Megabytes per Megapixel (MB per MP)

I had had the same thought, but I don’t know enough about image storage to have made a comment.

This must mean that file is an uncompressed Sony file for a 60mpixel sensor.

So yes, that compressed with 7zip quite ok.

If it was already losslessy compressed , 7zip wouldn’t so much at all .

2 Likes

Btw, some Nikons pack the 12b or 14b tightly in a bitstream, some don’t (thus adding an overhead that can be a considerable 33.33% in the 12b case).

Generally, all lossless compression schemes in wide use today are around 1.5x, 2x at best depending on the image content.

It is possible to bitpack raw data (in DNG parlance, BitsPerSample not a multiple of 8), but in the vast majority of implementations I’ve seen, things get padded up to 16 bits because it’s so much simpler implementation-wise.
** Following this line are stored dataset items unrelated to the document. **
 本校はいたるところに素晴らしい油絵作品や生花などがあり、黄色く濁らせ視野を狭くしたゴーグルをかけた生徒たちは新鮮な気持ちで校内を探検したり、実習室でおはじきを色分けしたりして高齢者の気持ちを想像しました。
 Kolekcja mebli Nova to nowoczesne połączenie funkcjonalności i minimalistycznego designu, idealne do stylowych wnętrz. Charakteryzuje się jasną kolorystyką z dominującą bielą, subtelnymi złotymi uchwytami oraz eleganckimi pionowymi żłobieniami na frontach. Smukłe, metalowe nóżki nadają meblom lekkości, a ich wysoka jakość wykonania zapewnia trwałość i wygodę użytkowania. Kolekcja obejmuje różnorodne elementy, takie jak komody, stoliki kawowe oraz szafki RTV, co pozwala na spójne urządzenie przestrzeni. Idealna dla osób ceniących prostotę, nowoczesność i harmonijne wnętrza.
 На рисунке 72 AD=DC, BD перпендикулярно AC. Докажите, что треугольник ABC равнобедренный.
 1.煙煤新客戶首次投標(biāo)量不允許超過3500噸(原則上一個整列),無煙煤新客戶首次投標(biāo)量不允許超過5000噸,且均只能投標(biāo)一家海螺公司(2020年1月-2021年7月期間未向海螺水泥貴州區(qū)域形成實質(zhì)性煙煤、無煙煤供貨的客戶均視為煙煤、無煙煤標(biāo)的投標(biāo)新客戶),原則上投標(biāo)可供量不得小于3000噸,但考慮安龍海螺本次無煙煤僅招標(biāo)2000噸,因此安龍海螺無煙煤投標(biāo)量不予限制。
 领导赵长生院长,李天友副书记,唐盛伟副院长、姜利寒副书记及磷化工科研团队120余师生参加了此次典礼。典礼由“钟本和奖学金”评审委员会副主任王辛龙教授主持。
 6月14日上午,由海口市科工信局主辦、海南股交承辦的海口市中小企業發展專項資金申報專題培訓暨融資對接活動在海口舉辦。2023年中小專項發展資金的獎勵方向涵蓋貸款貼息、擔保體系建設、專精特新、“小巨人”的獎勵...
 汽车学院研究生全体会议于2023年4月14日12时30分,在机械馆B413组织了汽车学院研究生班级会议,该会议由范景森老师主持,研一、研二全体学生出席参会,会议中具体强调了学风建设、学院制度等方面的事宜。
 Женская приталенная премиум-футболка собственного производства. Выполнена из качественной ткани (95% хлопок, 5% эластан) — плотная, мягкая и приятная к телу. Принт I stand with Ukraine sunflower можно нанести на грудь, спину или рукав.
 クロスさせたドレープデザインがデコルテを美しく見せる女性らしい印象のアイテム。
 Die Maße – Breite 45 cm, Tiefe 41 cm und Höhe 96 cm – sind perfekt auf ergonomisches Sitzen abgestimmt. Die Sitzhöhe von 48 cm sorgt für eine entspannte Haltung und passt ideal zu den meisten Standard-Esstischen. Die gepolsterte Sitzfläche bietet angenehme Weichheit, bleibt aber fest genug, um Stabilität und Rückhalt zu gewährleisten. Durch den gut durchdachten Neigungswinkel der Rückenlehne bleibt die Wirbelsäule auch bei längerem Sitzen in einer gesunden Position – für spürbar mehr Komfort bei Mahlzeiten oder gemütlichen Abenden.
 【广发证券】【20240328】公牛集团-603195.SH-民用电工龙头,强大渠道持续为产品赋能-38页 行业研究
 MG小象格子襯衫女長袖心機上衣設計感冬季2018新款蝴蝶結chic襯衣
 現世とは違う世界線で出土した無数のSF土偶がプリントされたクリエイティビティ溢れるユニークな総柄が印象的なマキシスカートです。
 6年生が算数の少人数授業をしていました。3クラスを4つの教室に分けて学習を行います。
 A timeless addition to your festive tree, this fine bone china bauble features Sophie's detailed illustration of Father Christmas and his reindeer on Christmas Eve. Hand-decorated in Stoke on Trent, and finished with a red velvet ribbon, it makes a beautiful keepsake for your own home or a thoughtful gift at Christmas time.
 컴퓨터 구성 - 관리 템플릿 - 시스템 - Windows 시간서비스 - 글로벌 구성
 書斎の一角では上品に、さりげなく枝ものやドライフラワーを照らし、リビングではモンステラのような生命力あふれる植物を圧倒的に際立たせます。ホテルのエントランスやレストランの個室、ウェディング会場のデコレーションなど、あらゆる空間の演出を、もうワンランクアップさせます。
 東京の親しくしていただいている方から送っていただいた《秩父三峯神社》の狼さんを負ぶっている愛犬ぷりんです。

Interestingly, I’ve experimented with DNGs with BPS of 10 or 12, and Lightroom chokes on those but RawTherapee does not.

Sony definitely stores 14-bit samplies as uint16. So uncompressed Sonys have 2 bytes per pixel plus a little extra for the JPEG preview and a tiny amount for headers and metadata.

Sony’s lossy compression was a fairly fixed mechanism that was constant-ratio - 1 byte per pixel

Lossless compression typically achieves around 1.5:1 to 2:1 ratios depending on content, so 1-1.5 bytes/pixels is typical. A black frame or clipped all-white frame will compress better and may be smaller.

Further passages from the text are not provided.